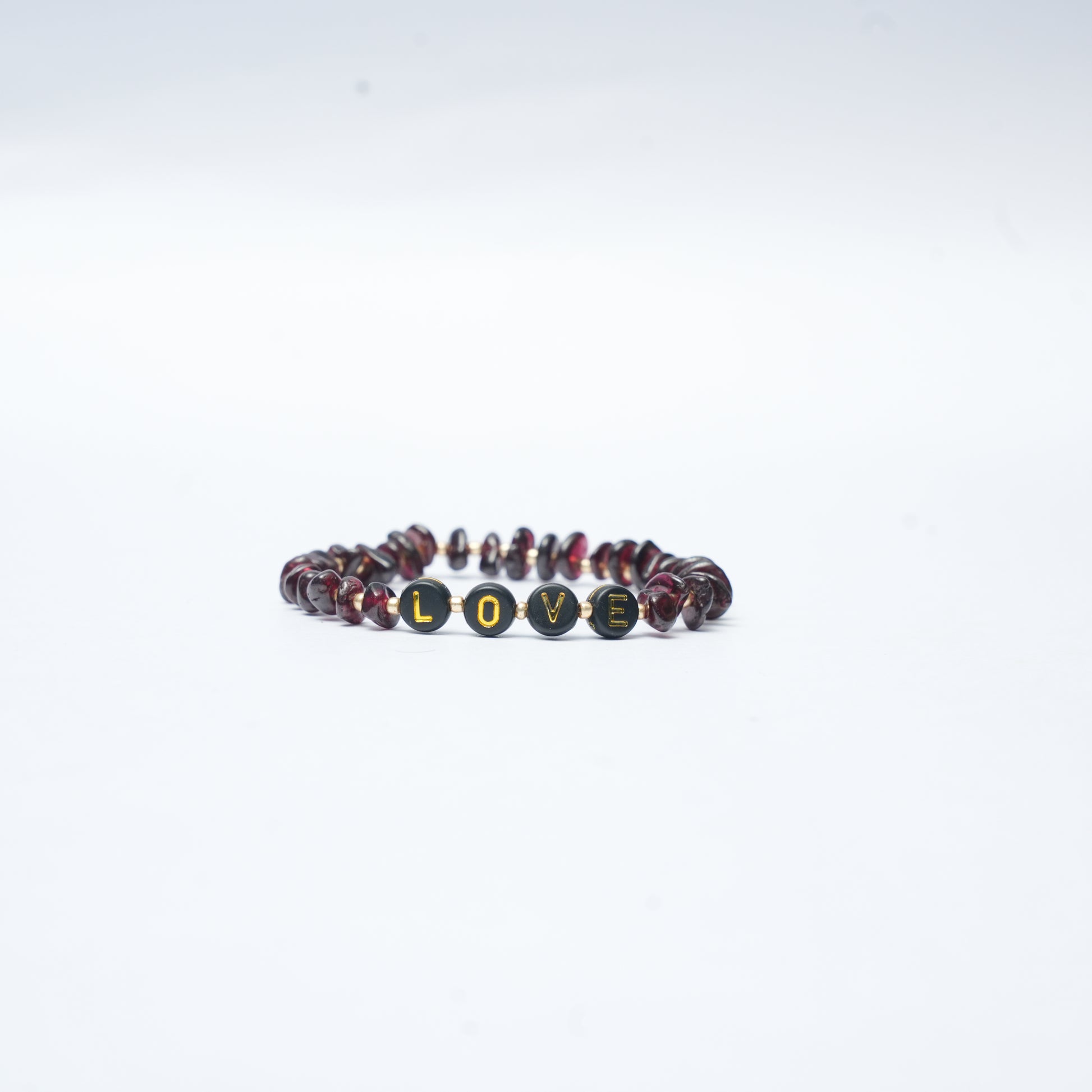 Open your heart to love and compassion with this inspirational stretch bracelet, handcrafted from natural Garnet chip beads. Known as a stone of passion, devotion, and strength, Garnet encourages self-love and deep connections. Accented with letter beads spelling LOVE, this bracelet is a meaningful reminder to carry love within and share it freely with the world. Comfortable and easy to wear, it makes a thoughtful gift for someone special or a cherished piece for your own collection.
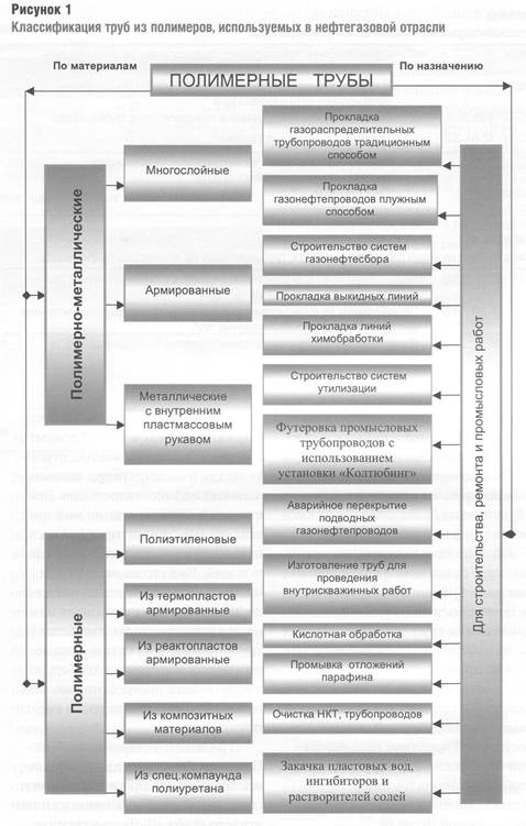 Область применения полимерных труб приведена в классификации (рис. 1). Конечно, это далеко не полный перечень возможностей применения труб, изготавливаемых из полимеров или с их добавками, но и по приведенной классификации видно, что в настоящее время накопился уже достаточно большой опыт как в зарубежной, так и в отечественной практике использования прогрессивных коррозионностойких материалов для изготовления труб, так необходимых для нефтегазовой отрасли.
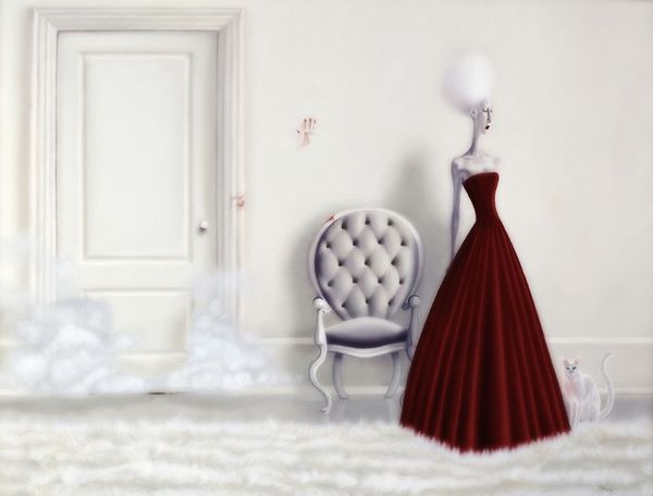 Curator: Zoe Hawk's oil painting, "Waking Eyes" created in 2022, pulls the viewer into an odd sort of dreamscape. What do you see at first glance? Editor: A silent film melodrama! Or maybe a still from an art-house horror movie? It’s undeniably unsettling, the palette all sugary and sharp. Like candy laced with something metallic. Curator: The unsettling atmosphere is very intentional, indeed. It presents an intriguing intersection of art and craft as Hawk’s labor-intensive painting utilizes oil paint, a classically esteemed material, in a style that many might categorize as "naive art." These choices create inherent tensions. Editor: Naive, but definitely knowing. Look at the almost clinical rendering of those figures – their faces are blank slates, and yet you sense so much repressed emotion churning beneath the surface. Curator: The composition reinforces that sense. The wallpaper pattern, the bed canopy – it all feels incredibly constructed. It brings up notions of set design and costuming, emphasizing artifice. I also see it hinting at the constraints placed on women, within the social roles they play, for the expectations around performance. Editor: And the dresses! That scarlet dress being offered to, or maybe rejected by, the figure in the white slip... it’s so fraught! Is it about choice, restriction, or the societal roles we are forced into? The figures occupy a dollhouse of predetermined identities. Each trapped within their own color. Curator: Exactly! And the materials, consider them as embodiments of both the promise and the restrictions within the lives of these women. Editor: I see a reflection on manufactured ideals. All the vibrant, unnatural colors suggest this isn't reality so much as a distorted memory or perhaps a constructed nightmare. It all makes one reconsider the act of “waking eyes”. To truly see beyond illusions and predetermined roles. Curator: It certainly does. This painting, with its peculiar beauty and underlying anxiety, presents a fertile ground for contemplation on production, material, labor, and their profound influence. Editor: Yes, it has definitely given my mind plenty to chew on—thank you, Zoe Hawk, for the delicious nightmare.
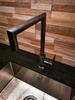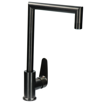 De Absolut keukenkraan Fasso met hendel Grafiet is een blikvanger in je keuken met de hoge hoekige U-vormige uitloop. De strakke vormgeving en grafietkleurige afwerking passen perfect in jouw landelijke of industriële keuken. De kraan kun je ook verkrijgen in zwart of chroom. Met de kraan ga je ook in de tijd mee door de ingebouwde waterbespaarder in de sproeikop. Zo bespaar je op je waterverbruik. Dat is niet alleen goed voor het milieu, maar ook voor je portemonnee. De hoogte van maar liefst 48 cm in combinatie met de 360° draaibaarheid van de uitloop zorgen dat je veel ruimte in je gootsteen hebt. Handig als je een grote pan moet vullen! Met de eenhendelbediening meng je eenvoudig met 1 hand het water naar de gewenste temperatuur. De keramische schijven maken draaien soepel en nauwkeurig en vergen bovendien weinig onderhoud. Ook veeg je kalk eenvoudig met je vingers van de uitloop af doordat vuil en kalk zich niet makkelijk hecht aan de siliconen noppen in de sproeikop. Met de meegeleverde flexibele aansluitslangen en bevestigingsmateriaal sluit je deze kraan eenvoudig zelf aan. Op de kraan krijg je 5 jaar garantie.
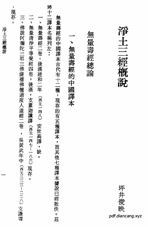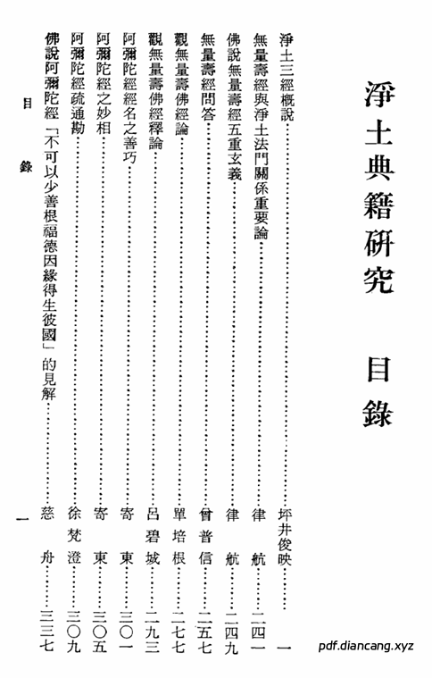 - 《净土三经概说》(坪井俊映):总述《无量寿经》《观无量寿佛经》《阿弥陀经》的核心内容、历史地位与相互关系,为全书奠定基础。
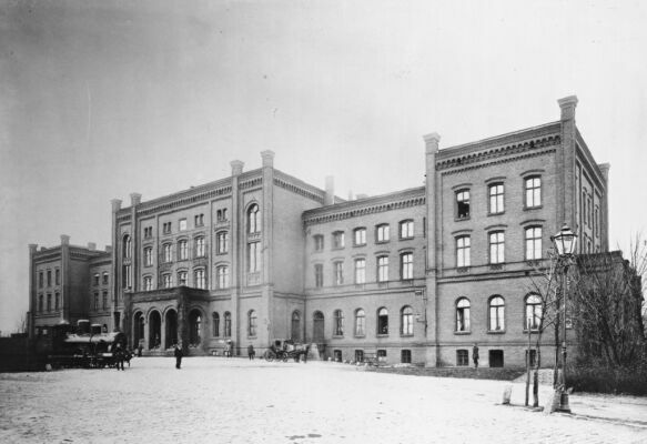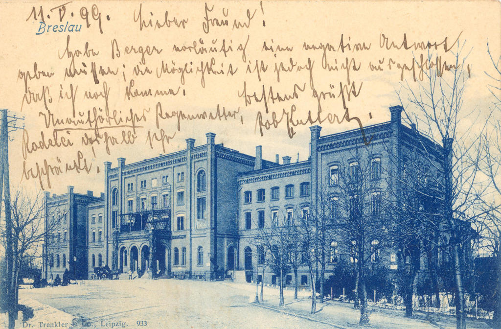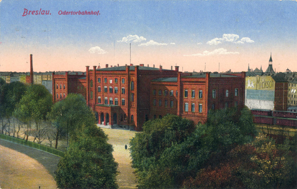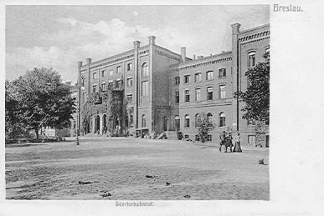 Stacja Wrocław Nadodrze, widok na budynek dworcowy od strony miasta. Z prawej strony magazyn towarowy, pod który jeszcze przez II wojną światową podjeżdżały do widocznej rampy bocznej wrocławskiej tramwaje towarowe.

• Exercise:
Please set down only the lines from the first line of the records above through the line that has "Область применения полимерных", exactly, and not the pictures.

• Result of the task:
 Open your heart to love and compassion with this inspirational stretch bracelet, handcrafted from natural Garnet chip beads. Known as a stone of passion, devotion, and strength, Garnet encourages self-love and deep connections. Accented with letter beads spelling LOVE, this bracelet is a meaningful reminder to carry love within and share it freely with the world. Comfortable and easy to wear, it makes a thoughtful gift for someone special or a cherished piece for your own collection.
 Область применения полимерных труб приведена в классификации (рис. 1). Конечно, это далеко не полный перечень возможностей применения труб, изготавливаемых из полимеров или с их добавками, но и по приведенной классификации видно, что в настоящее время накопился уже достаточно большой опыт как в зарубежной, так и в отечественной практике использования прогрессивных коррозионностойких материалов для изготовления труб, так необходимых для нефтегазовой отрасли.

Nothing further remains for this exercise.